-------- Data provided
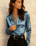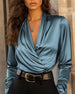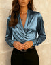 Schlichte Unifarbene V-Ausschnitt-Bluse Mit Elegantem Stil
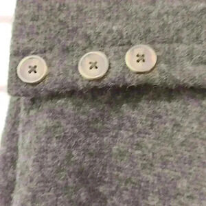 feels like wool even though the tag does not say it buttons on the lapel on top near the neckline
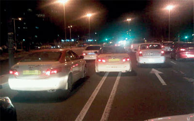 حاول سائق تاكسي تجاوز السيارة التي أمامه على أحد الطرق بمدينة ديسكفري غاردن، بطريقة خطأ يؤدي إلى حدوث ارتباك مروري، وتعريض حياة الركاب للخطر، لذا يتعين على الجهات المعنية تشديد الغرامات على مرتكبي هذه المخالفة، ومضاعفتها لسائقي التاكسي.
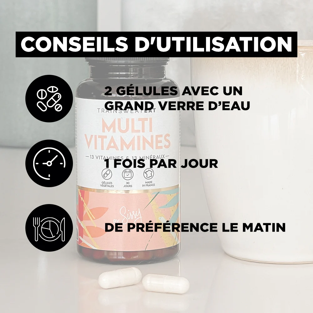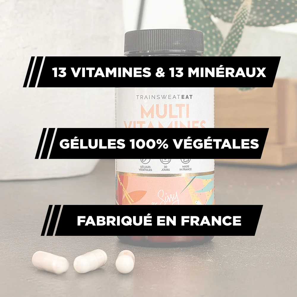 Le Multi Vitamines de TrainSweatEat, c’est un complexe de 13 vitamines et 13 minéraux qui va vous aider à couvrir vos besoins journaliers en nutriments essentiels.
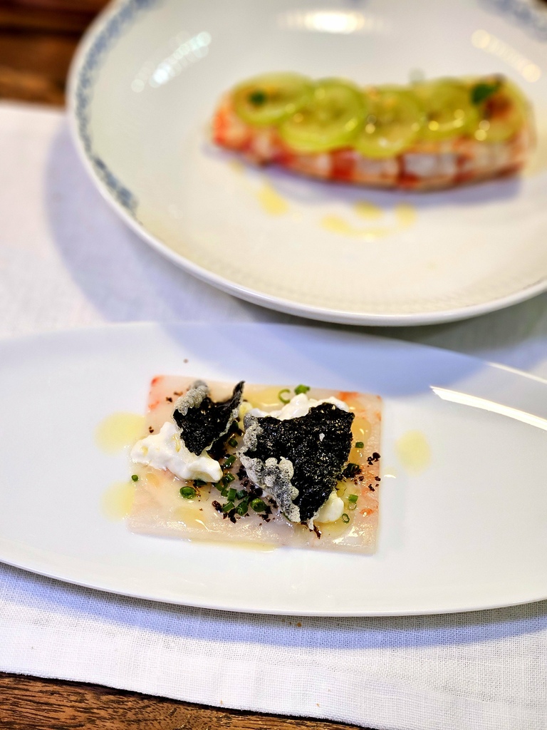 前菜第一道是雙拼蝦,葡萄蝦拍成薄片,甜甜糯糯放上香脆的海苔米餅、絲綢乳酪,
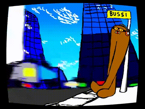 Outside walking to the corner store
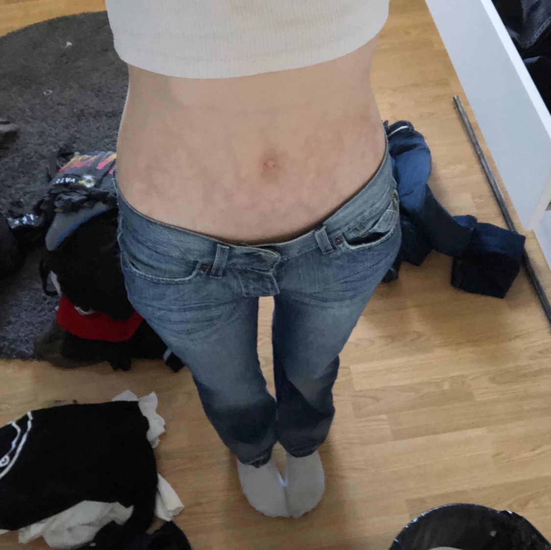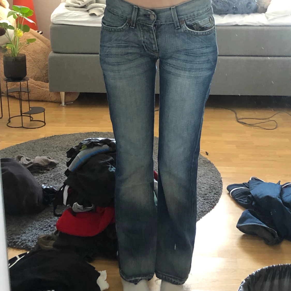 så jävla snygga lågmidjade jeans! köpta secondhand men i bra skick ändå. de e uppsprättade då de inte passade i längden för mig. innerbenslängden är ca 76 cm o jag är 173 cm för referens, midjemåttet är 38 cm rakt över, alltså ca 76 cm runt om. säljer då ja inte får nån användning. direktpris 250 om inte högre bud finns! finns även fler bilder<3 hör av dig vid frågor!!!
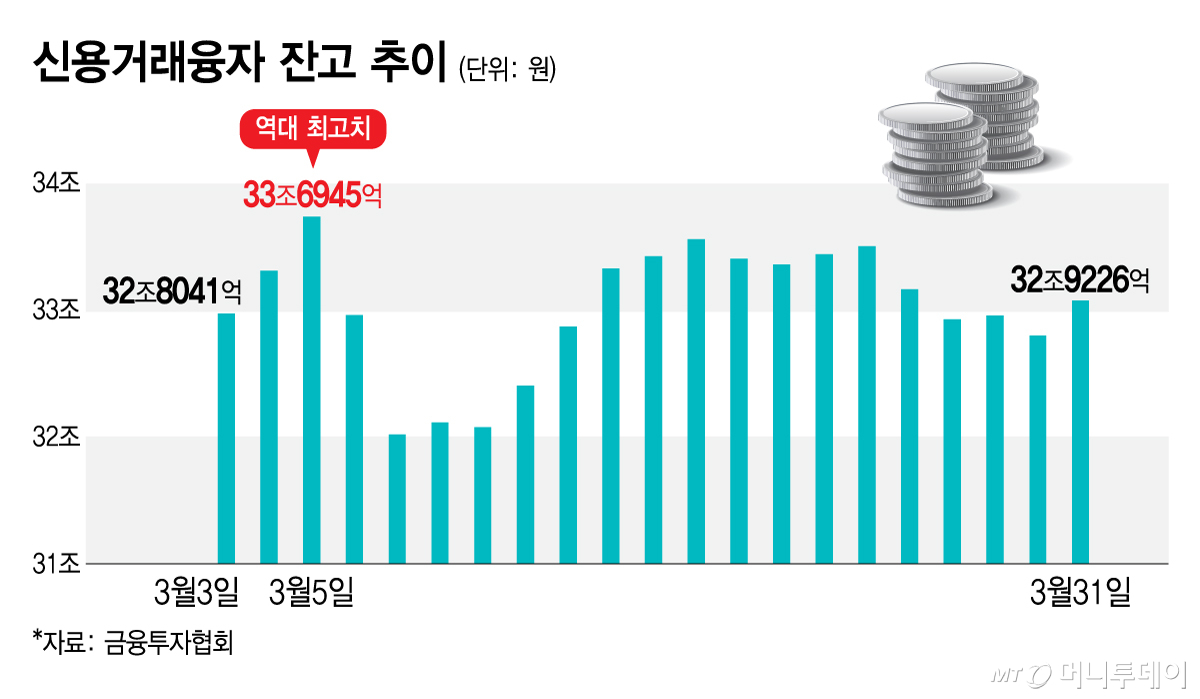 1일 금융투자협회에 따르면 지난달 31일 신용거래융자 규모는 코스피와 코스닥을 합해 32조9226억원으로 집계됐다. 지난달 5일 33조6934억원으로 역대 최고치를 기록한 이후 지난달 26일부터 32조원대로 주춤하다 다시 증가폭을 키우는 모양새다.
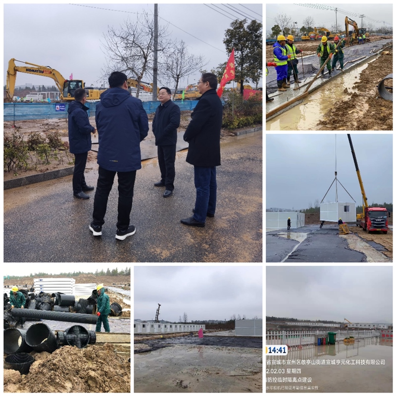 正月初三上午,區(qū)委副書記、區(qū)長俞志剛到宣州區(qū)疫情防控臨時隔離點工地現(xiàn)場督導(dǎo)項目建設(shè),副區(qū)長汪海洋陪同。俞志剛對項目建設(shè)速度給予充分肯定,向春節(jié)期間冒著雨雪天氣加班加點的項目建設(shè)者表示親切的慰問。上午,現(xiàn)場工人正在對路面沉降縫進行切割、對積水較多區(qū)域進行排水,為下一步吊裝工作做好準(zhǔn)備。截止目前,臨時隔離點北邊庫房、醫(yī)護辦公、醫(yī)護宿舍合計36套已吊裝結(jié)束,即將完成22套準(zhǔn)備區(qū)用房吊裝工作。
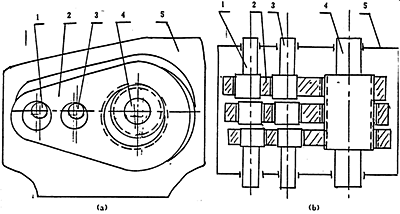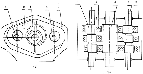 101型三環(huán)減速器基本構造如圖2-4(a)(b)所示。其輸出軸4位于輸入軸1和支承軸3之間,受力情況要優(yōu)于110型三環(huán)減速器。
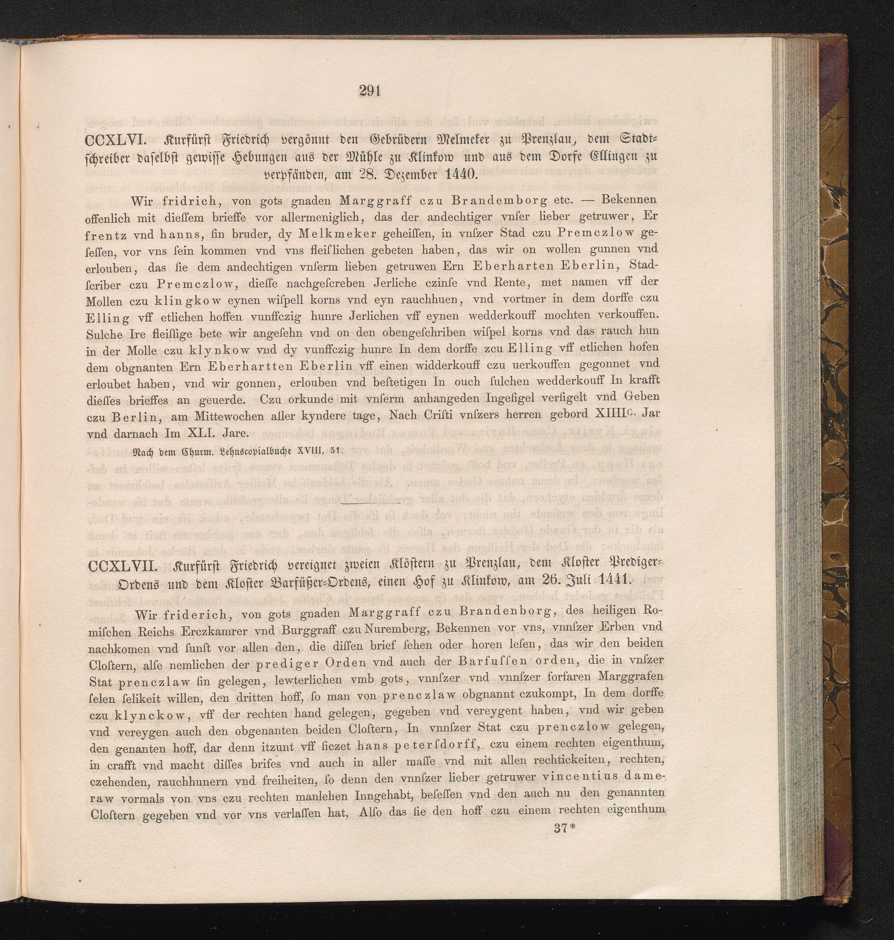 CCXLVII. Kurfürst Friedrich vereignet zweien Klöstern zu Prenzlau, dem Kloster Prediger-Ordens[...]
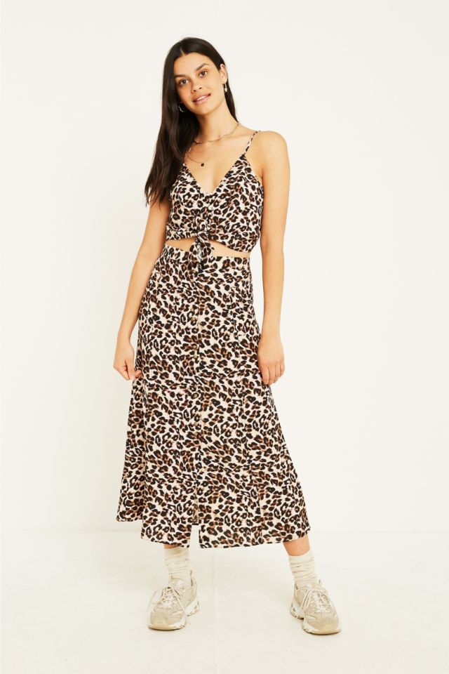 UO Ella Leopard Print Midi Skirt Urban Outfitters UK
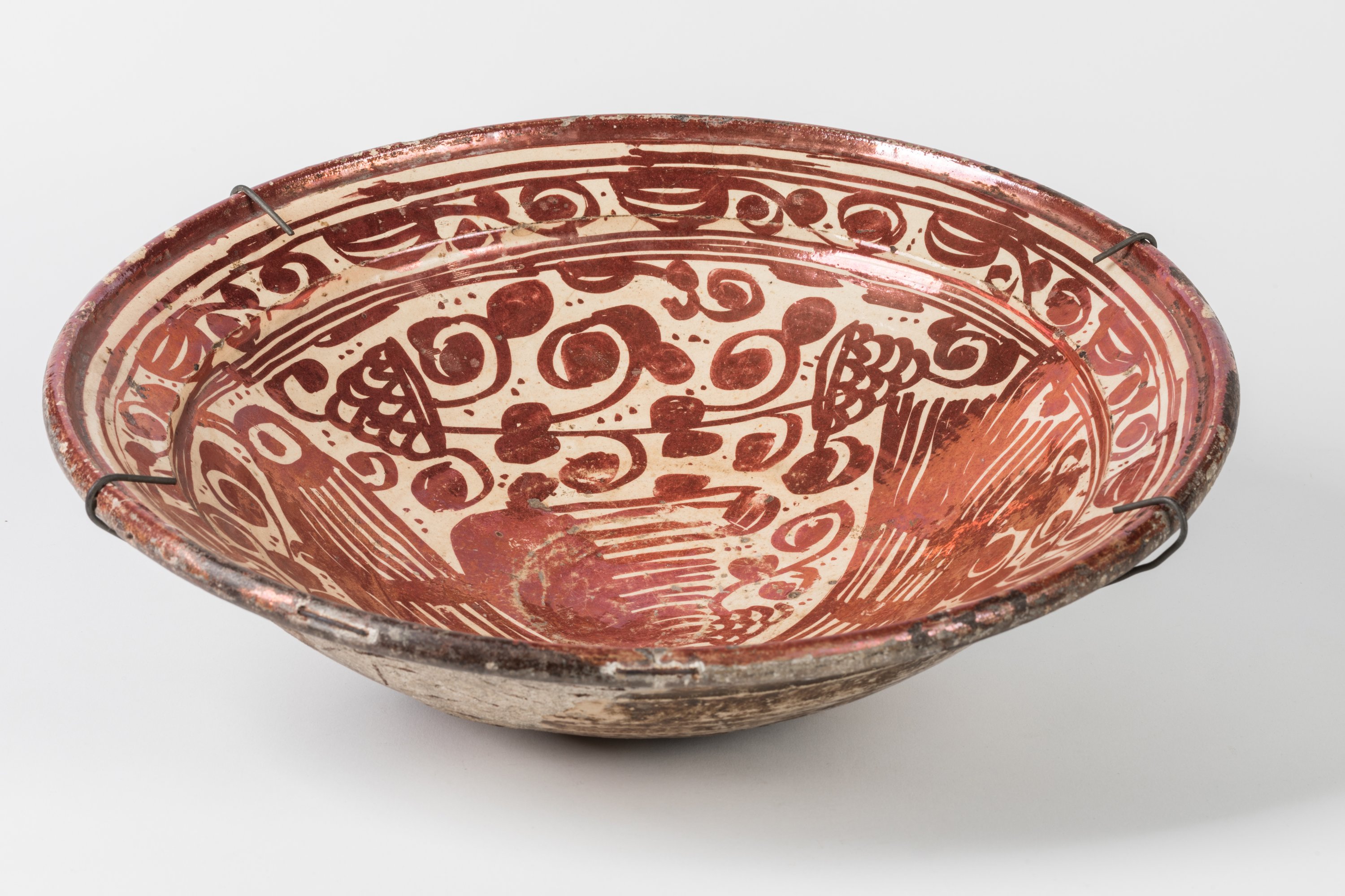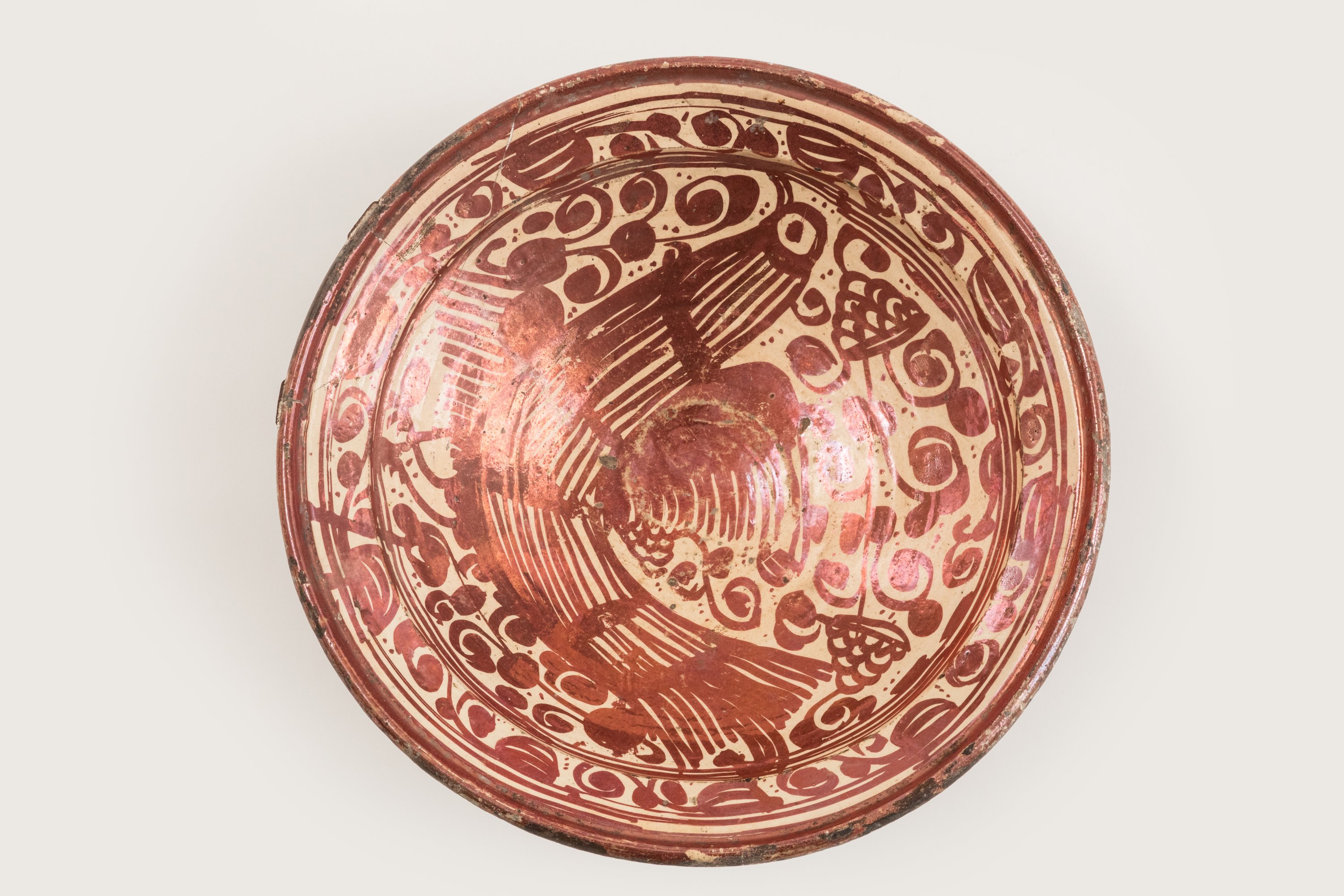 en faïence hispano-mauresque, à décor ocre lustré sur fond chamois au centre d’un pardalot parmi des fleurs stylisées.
----------------
#### Required action
Leaving the pictures aside, transcribe the entire listing exactly.

#### Exercise answer
 Schlichte Unifarbene V-Ausschnitt-Bluse Mit Elegantem Stil
 feels like wool even though the tag does not say it buttons on the lapel on top near the neckline
 حاول سائق تاكسي تجاوز السيارة التي أمامه على أحد الطرق بمدينة ديسكفري غاردن، بطريقة خطأ يؤدي إلى حدوث ارتباك مروري، وتعريض حياة الركاب للخطر، لذا يتعين على الجهات المعنية تشديد الغرامات على مرتكبي هذه المخالفة، ومضاعفتها لسائقي التاكسي.
 Le Multi Vitamines de TrainSweatEat, c’est un complexe de 13 vitamines et 13 minéraux qui va vous aider à couvrir vos besoins journaliers en nutriments essentiels.
 前菜第一道是雙拼蝦,葡萄蝦拍成薄片,甜甜糯糯放上香脆的海苔米餅、絲綢乳酪,
 Outside walking to the corner store
 så jävla snygga lågmidjade jeans! köpta secondhand men i bra skick ändå. de e uppsprättade då de inte passade i längden för mig. innerbenslängden är ca 76 cm o jag är 173 cm för referens, midjemåttet är 38 cm rakt över, alltså ca 76 cm runt om. säljer då ja inte får nån användning. direktpris 250 om inte högre bud finns! finns även fler bilder<3 hör av dig vid frågor!!!
 1일 금융투자협회에 따르면 지난달 31일 신용거래융자 규모는 코스피와 코스닥을 합해 32조9226억원으로 집계됐다. 지난달 5일 33조6934억원으로 역대 최고치를 기록한 이후 지난달 26일부터 32조원대로 주춤하다 다시 증가폭을 키우는 모양새다.
 正月初三上午,區(qū)委副書記、區(qū)長俞志剛到宣州區(qū)疫情防控臨時隔離點工地現(xiàn)場督導(dǎo)項目建設(shè),副區(qū)長汪海洋陪同。俞志剛對項目建設(shè)速度給予充分肯定,向春節(jié)期間冒著雨雪天氣加班加點的項目建設(shè)者表示親切的慰問。上午,現(xiàn)場工人正在對路面沉降縫進行切割、對積水較多區(qū)域進行排水,為下一步吊裝工作做好準(zhǔn)備。截止目前,臨時隔離點北邊庫房、醫(yī)護辦公、醫(yī)護宿舍合計36套已吊裝結(jié)束,即將完成22套準(zhǔn)備區(qū)用房吊裝工作。
 101型三環(huán)減速器基本構造如圖2-4(a)(b)所示。其輸出軸4位于輸入軸1和支承軸3之間,受力情況要優(yōu)于110型三環(huán)減速器。
 CCXLVII. Kurfürst Friedrich vereignet zweien Klöstern zu Prenzlau, dem Kloster Prediger-Ordens[...]
 UO Ella Leopard Print Midi Skirt Urban Outfitters UK
 en faïence hispano-mauresque, à décor ocre lustré sur fond chamois au centre d’un pardalot parmi des fleurs stylisées.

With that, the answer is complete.